USS Barnett (AP-11, later APA-5), From: 1940 to 1946. USS Barnett, a 9432-ton transport, was built in 1928 in England as the civilian passenger ship Santa Maria. She was purchased by the Navy in August 1940 and commissioned the following month. During the rest of 1940 and in 1941 she took part in amphibious training exercises in the Caribbean area. In 1942, following the outbreak of war between the United States and Japan, Barnett went to the Pacific, where she participated in the invasion of Guadalcanal in August and the subsequent campaign to hold that island in the face of Japanese efforts to retake it. Reclassified as an attack transport in February 1943, with the new hull number APA-5, Barnett spent that year and the next in the Atlantic war theater. During 1943 she was part of the amphibious forces that supported the landings on Sicily in July and at Salerno in September. During the Sicily operation, on 11 July 1943, Barnett was near-missed by an enemy bomb, which damaged the ship and killed seven of the Army troops on board. The transport was also active during the Normandy invasion in June 1944 and in the invasion of Southern France in August and September 1944. Barnett returned to the Pacific in time to participate in the Okinawa landings in April 1945 and steamed back to the United States shortly after the end of the war with Japan. In May 1946, USS Barnett was decommissioned at Newport, Rhode Island. She was transferred to the Maritime Commission in July 1946. Invasion of Guadalcanal can be found here: Guadalcanal-Tulagi Invasion, 7-9 August 1942, as well as The campaign to hold that Island. And though I do not have her Logs, you can retrieve them from the National Naval Archives. I hope this responds to your question. -Birdymckee
There is no National Naval Archives. The Cruise Logs you seek, if they exist, will be found at the NARA II, College Park, MD. Send an email to: Archives2reference@nara.gov And tell them exactly what you need. The NARA staff will pull the records and send you a letter describing the documents they have and the cost, which is $0.75 per page. Dave
And each day will start a new pge, IIRC, so you're looking at 60 pages minimum, more if hell's-a-poppin'. (I made a mental note to never put that in a deck log again.)
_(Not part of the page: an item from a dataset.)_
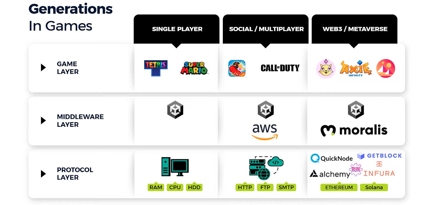 Như bạn có thể thấy trong hình trên, ở dưới cùng chúng ta vẫn có lớp giao thức. Tuy nhiên, khi di chuyển lên trên, chúng ta sẽ có lớp phần mềm trung gian và lớp trò chơi ở trên cùng. Nhưng hãy lưu ý rằng Moralis và sự tích hợp của nó với Unity đã cho phép các nhà phát triển tạo ra các trò chơi Web3 và thậm chí là metaverse của riêng Web3.
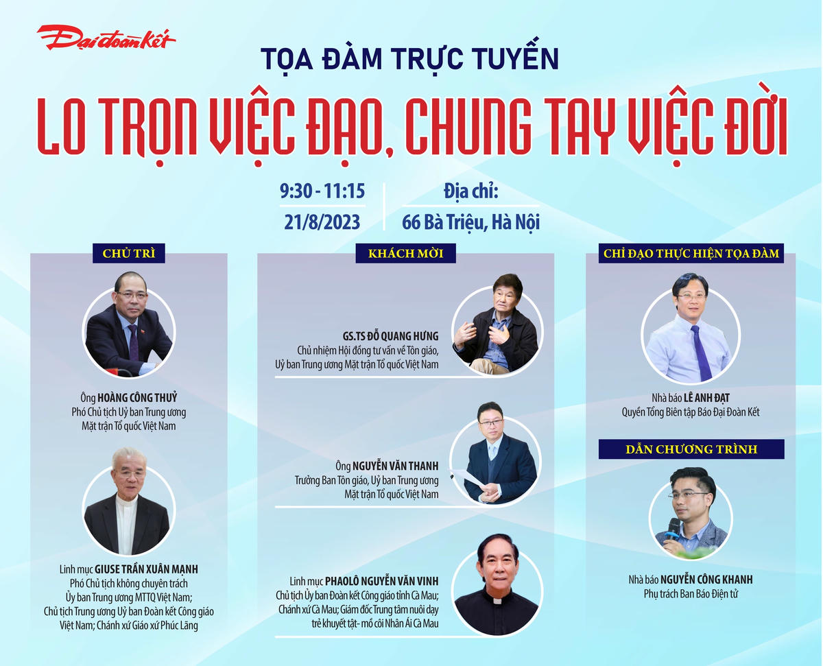 Với mong muốn lan tỏa những tấm gương đồng bào Công giáo yêu nước, tấm gương các chức sắc, chức việc, tu sĩ có nhiều đóng góp trong nỗ lực phát triển xã hội, Báo Đại Đoàn Kết tổ chức Tọa đàm trực tuyến: “Lo trọn việc đạo, chung tay việc đời” được tổ chức vào 9h30 ngày 21/8/2023.

No, you won't find them there. "2. The Ships Deck Logs Section only maintains custody of deck logs for commissioned U.S. Navy ships covering the past thirty years. Every year a calendar years worth of deck logs that reaches the 31 year mark is transferred to the National Archives." Deck Log Section-Ships History Branch, Records Dave
I do believe that those archives are the National Archives the "Naval" was not supposed to be placed in there, my apologies.
Thanks to all. I'll keep hunting. I'm trying to track the Barnett's trip from Tongatabu between 15 May 1942 and 3 June 42. Some sources say she went directly from Tongatabu to San Diego, carrying Flatley and others slated for VF-10, as well as Lexington survivors. But I have some evidence to suggest that she stopped in Pearl Harbor first before continuing to the west coast. Would like to verify this.